The air pressure at a given point on the Earth is produced by the weight of the atmosphere above it.. This is why air pressure decreases with altitude. Because an altimeter measures atmospheric pressure and does not measure altitude directly, it is actually a barometer. For the purpose of calculating absolute altitude, the pressure at sea-level is assumed as being zero-point pressure. Atmospheric pressure, however, also depends on the weather and on temperature changes. As a barometer, an altimeter will thus indicate temperature changes, but these then affect the overall accuracy of the altitude being displayed: air pressure fluctuations of 1 mbar will cause a difference in altitude of 8 meters, and changes in weather (as with fronts) can cause air pressure to change by up to 5 mbar (40 meters altitude change!). To eliminate this effect, an altimeter needs continual re-calibration, preferably once every 3 hours or so. Generally, the altimeter must be calibrated using a known altitude, as one located on a topo map being used. If the altimeter altitude corresponds to that indicated on the map, this means the weather is stable. If it is much higher than the known altitude, this means bad weather (a depression) is on the way; if it is lower, better weather is on the way.
Temperature plays a key role as well, and many altimeters feature temperature compensation to avoid erratic pressure readings caused by temperature changes. The problem is, all altimeters assume the temperature of 15 °C at sea level, which decreases by .65 °C for every 100 m increase in elevation. This theoretical atmosphere is most often not the true atmosphere in which you are actually trying to get a reading. We estimate a difference of 4 meters per 1000 m and per °C difference between the true temperature and theoretical temperature. Getting an accurate true temperature reading requires sitting 20-30 minutes in the shade, shielded from wind and away from body heat. Such calibration is not very realistic operation for most hikers, even if the altimeter also features a thermometer.
Things are even more complicated by the fact that the pressure/altitude relationship is not constant at all points on Earth, and the compensation software on a given instrument is often adapted to a certain geographical zone, such as that in which the altimeter is sold (Europe in our case).

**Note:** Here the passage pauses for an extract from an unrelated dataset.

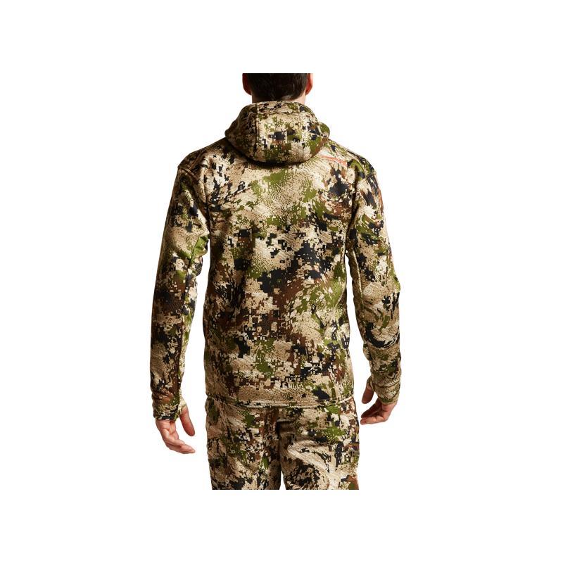Caratteristiche : • Tessuto in maglia di poliestere silenzioso con interno in pile berbero molto soffice e voluminoso • Tessuto eco-responsabile realizzato con materiali riciclati • Pannelli in pile di spessore medio sui lati e sotto le braccia per comfort e libertà di movimento ottimali • La finitura idrorepellente durevole elimina le precipitazioni leggere e impedisce al tessuto di inzupparsi • Tasche con zip per le mani e sul petto per riporre in modo sicuro • Il cappuccio sagomato non oscura la visione periferica • Maschera facciale integrata per la mimetizzazione • Fori per i pollici a profilo basso per una facile sovrapposizione • Peso totale : 822gr

Finally, don't confuse the misleading term "resolution" with "accuracy." The resolution refers to the "range resolution," the numbers displayed on the screen, rather than the accuracy of the internal pressure sensor that determines the viability of the instrument. Getting good range resolution doesn't cost all that much, but a very precise internal pressure sensor is quite expensive to make. Many instruments will thus have an accuracy indication of 2% (i.e., 2% error: 40 meters for 2000 meters), but advertise a "resolution" of 2-5 meters.